Village History

For many centuries Chipperfield was an outlying settlement of the village of Kings Langley, being on the boundary of the domain of the Royal Palace there. The first documentary evidence of the name is found in 1316, when Edward II bequeathed ‘the Manor House of Langley the closes adjoining together with the vesture of Chepervillewode for Fewel and other Necessaries’ to the Dominican Black Friars. The name is probably derived from the Anglo-Saxon ‘ceapere’ –a trader and ‘feld’ meaning field, suggesting that there was some form of market in early times.

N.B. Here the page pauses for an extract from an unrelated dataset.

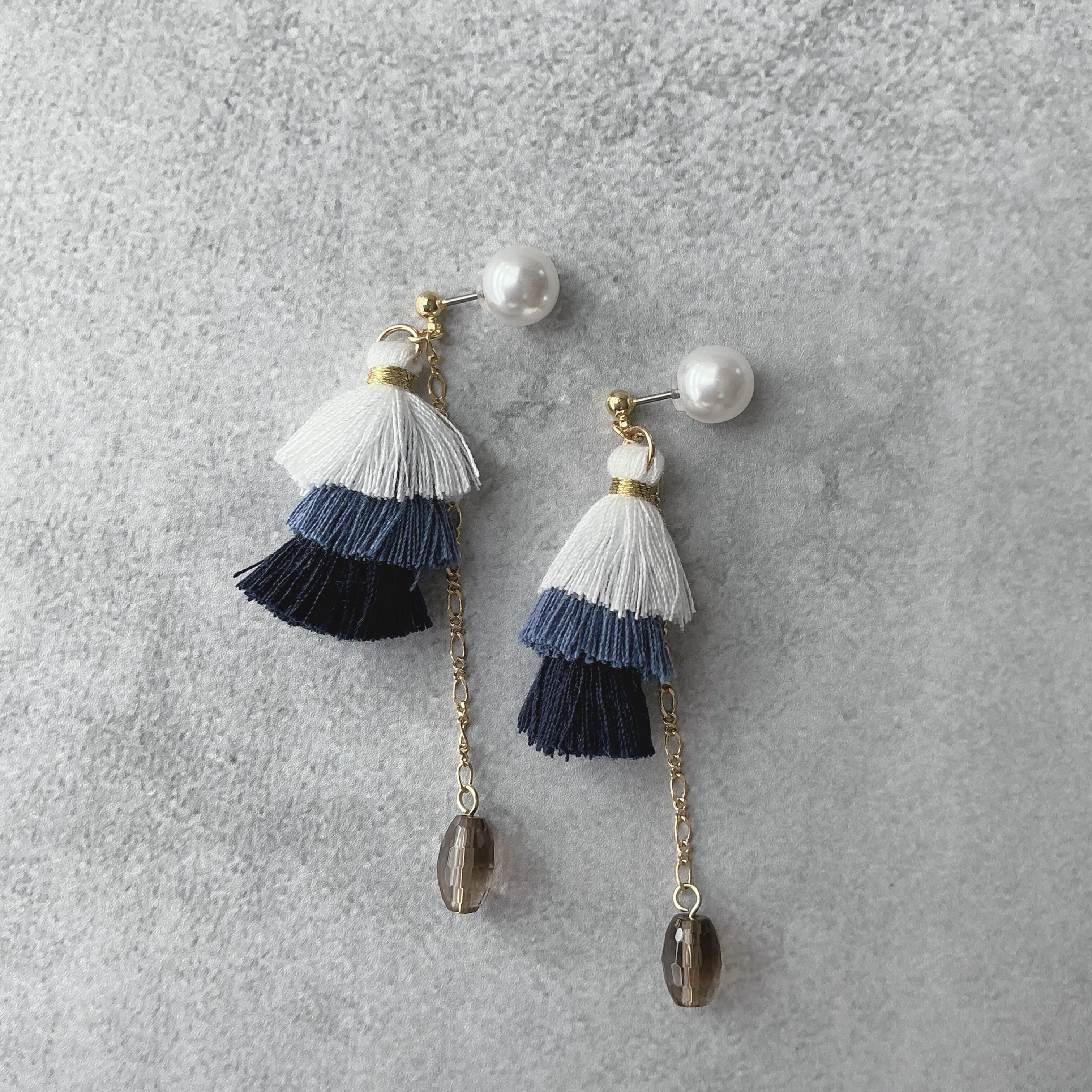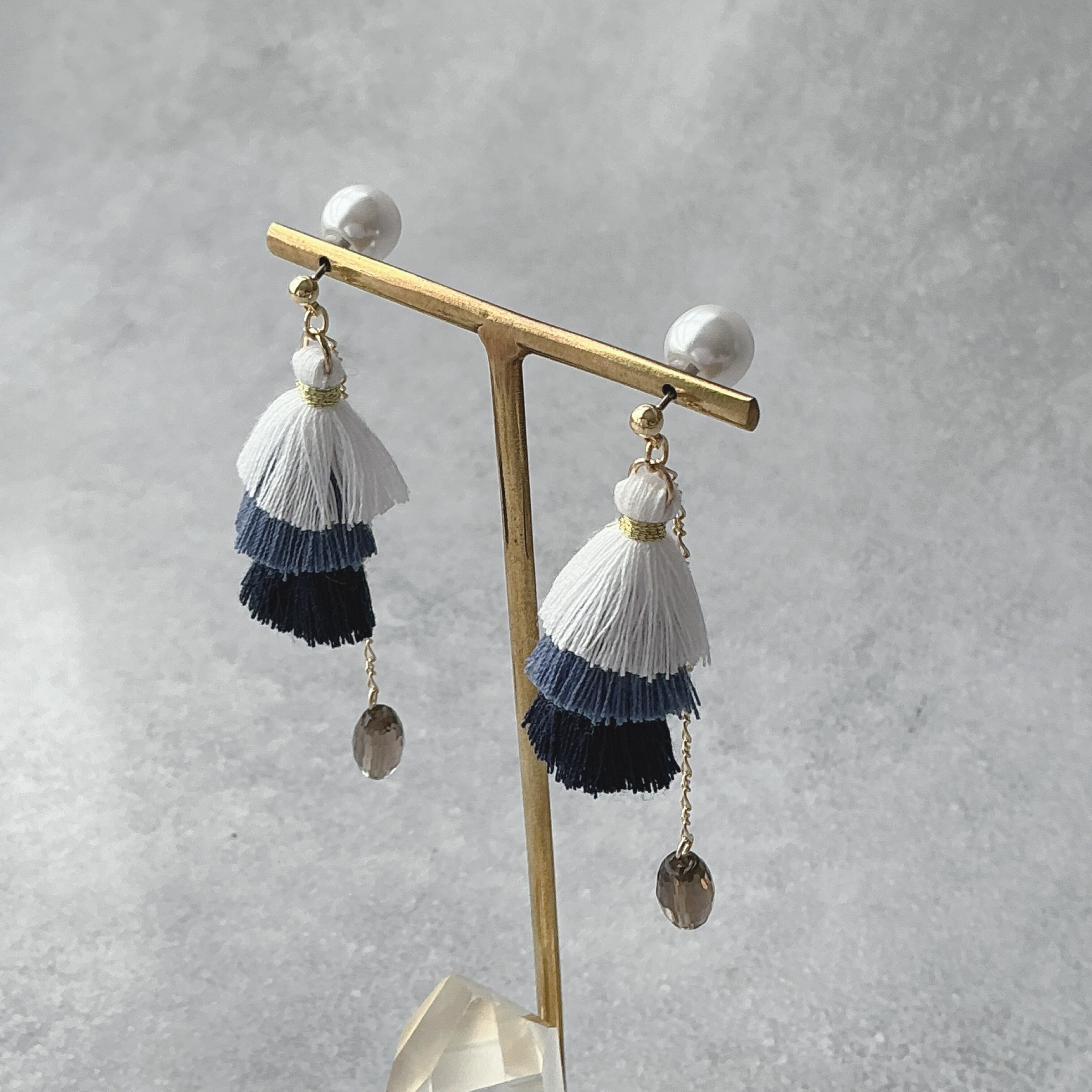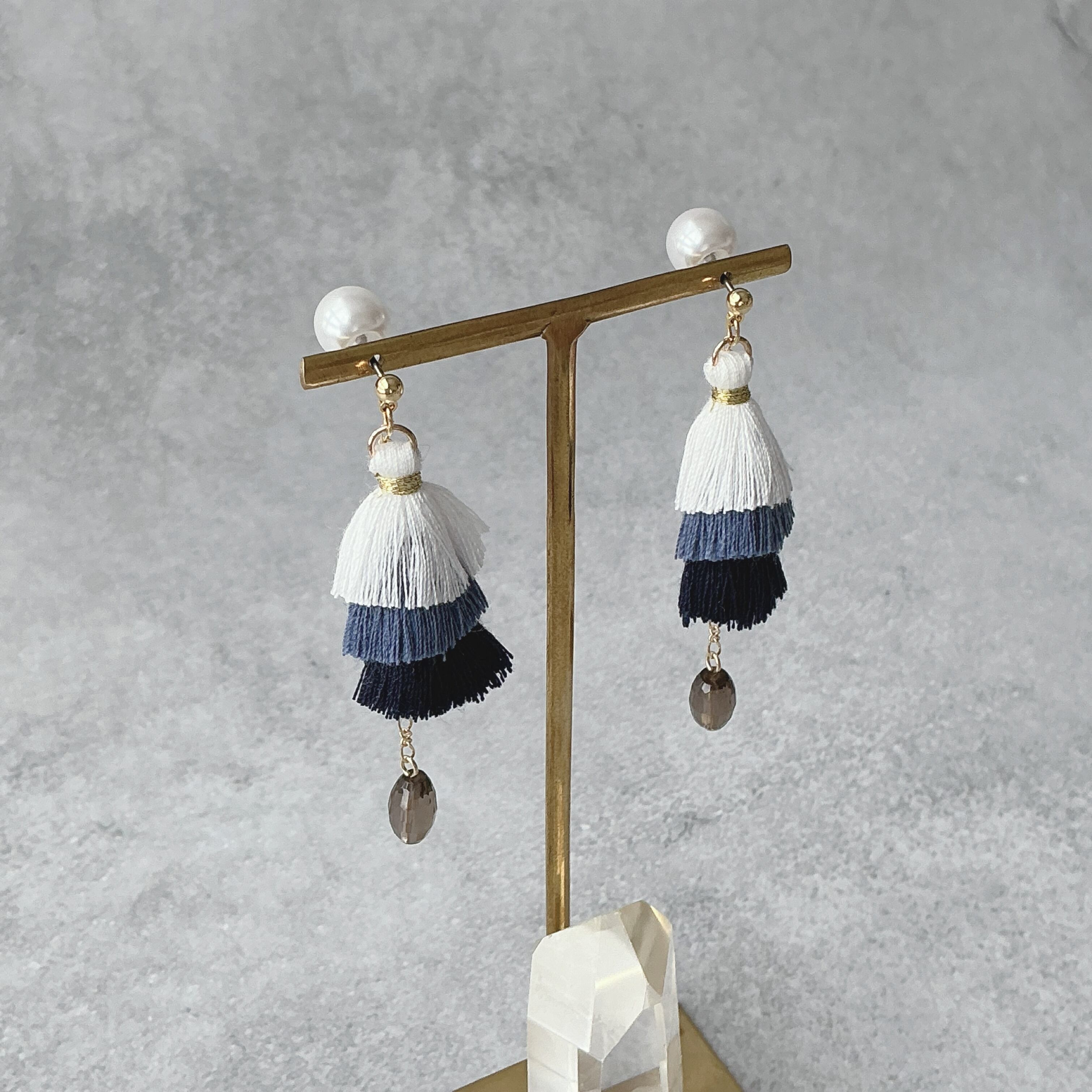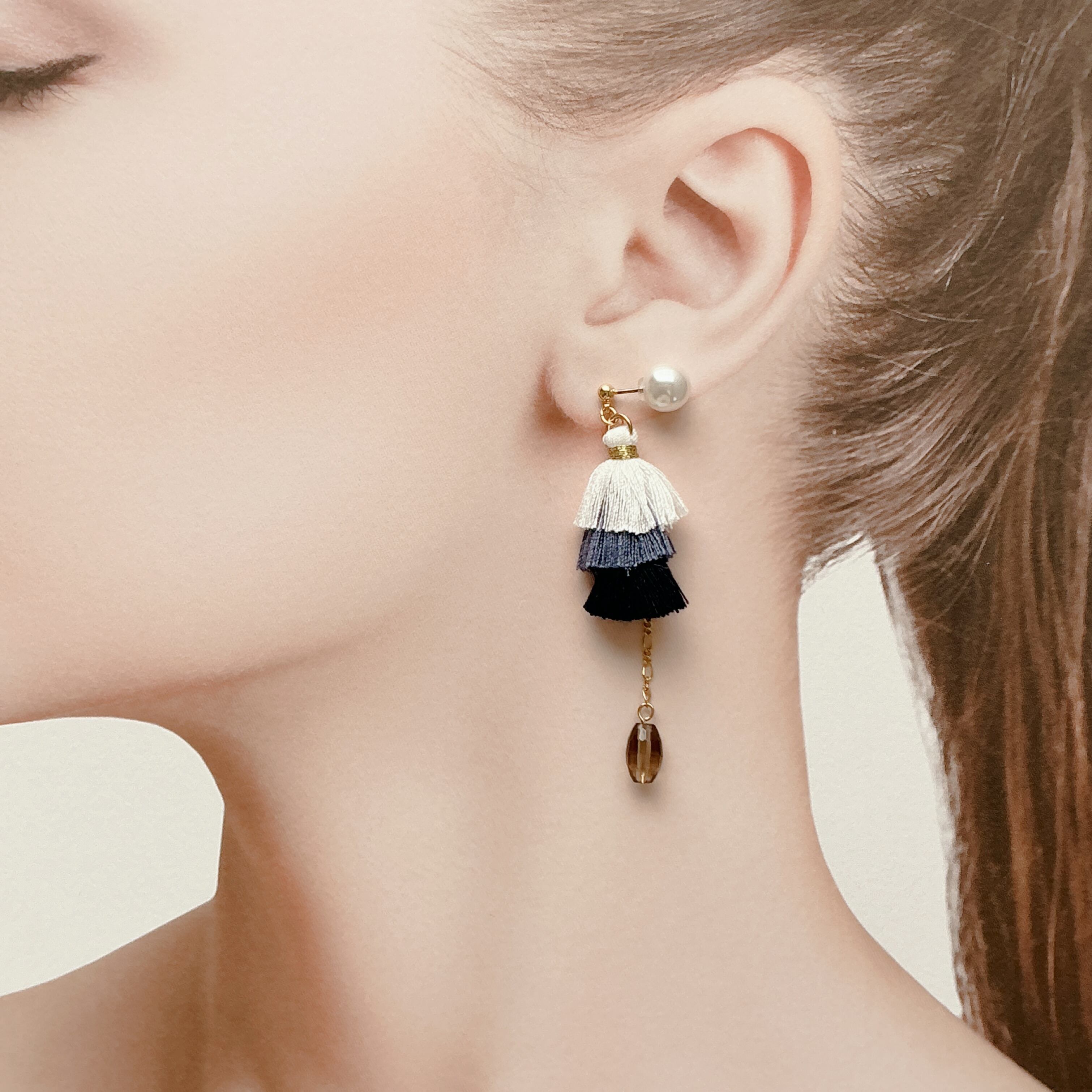 スモーキークオーツの石言葉は「危機回避」「求心」「軸」「現実性」「平常心」「安心感」などの言葉が並びます。そんなスモーキークオーツの真面目な石言葉とフリンジの重なるデザインから、一つ一つ楽しみや頑張りを積み重ねる事により、より良い未来へ向かえるよう「積み重ね」というタイトルにしました。

By the 1830’s the hamlet was large enough to warrant the building of both Anglican and Baptist Churches and Chipperfield became a separate ecclesiastical parish in 1848. The first council housing was built after the First World War. Later in the economic slump some farmland was sold for small holdings and commuter homes along the access roads to the village and the local lanes.

Since the Second World War the village has expanded considerably, the majority of the new building being in the form of local authority housing. Some manorial land was given for council housing in the late 1940’s and a considerably larger area was acquired from a local nurseryman for an extensive council estate to the east of Croft Lane in the 1960’s. In 1963 Chipperfield was split off from Kings Langley and Chipperfield Parish Council created. Since 1980 the rate of new building has diminished considerably, though a noteworthy addition in 1986 was the building of a Roman Catholic church to serve Chipperfield and the surrounding villages.As part of the Manor of Kings Langley, Chipperfield Common was in royal ownership from 1066 when William I conquered England until 1630 when Charles I sold it to the City of London to pay his debts. For four hundred years the Manor was a favourite royal palace and park but since 1630 ownership has changed several times, either by inheritance or by purchase. In 1936 Chipperfield Common, which at that time comprised pasture, heathland and woods, was gifted to the local authority by the Lord of the Manor.